The bipedal hominids may come, but the quadrupeds are already here. They sit in laboratories, inspect power plants and refineries, play football, and even—much to the concern of many—become police officers.
Spot from Boston Dynamics is easily the most recognizable of the bunch, but many startups and research institutions have put their own spin on the category. Heck, even Xiaomi made one for some reason. While biped suppliers want to prove their work, quadrupeds get the job done.
The team at Google’s DeepMind (which recently swallowed up much of Alphabet’s beleaguered Everyday Robots team) issued a research document outline a potential benchmarking system to quantify the performance of these machines. With a name like “Barkour,” one has to wonder if the department has worked backwards from the title.
Google Research points to the various impressive feats quadrupeds have accomplished over the years, from rock climbing to running and jumping (“flipping is much easier than walking,” an MIT professor once told me), but there isn’t really a baseline for determining system efficiency.
Since these machines are inspired by animals, the research team determined that real animals would provide the best analog performance over their robotic counterparts. That meant setting up an obstacle course in the lab and letting a dog run – look at the tenacious little wiener above. The course consisted of four obstacles in a 5×5 meter area, which it notes is denser than the dog shows that inspired it.
Performance is rated on a scale of 0 to 1 – a simple binary number to determine if the robot can successfully cross space in the roughly 10 seconds it takes a similarly sized dog to do so. There are different penalties for slow speeds and skipping or failing obstacles on the track.
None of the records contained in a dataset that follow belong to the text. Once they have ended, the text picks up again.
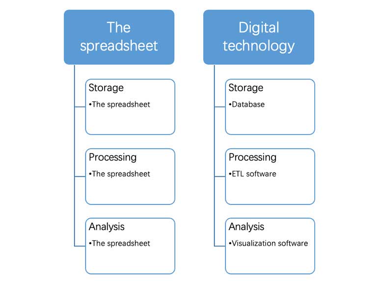 As one of the standard digitalization initiatives, we have seen big data, data science, artificial intelligence (AI), and machine learning departments set up in many companies. While these new departments are using new-generation digital technology such as the database, ETL software, visualization software, etc., the rest of the firm (the actuarial, finance, operations departments and so forth) are still working with old-school technology like the spreadsheet. Thus, a dichotomy is created in a firm where senior managers are using smart phones (modern technology) to view reports produced with old-school technology. A problem arises when a senior manager, used to modern technology, wants an instant response but is told to wait for a few days. We know in this fast-changing competitive world, a few days might mean lost opportunities worth millions of dollars. Therefore, in order to improve efficiency and fulfil the ever-higher management and regulatory demand, we must abandon the spreadsheet and go digital.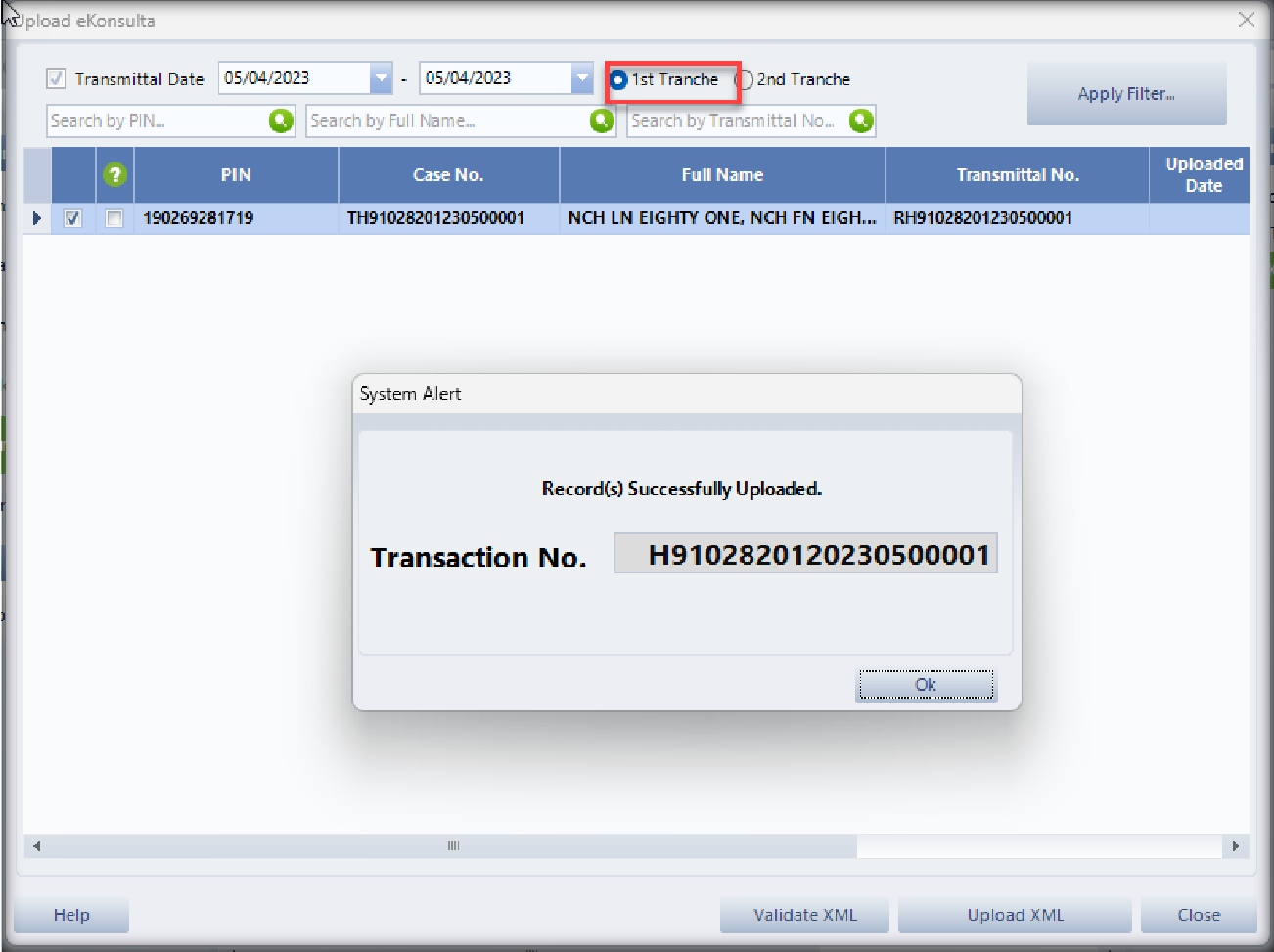 Submit First Tranche Konsulta Report: Transaction No. H9102820120230500001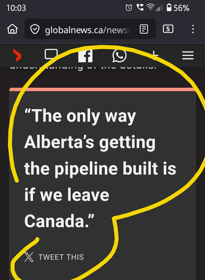 Anti Canada Political Action built -in to Global News article on Carney's pipeline. Like an ad, but part of the story, like an ad but it puts the anti Canada message on Musks weapon.

Google concludes:
We believe that developing a benchmark for legged robotics is an important first step in quantifying progress in animal-level agility. (…) Our findings show that Barkour is a challenging benchmark that is easily adaptable, and that our learning-based method for solving the benchmark provides a quadruped with a single low-level policy that supports a variety of agile low level skills.
The organization says Barkour has proven to be an effective benchmark, even in the face of the inevitable unexpected events and hardware issues. The robotic dog used in the trial was able to get back up and return to the starting line on its own in case of failure.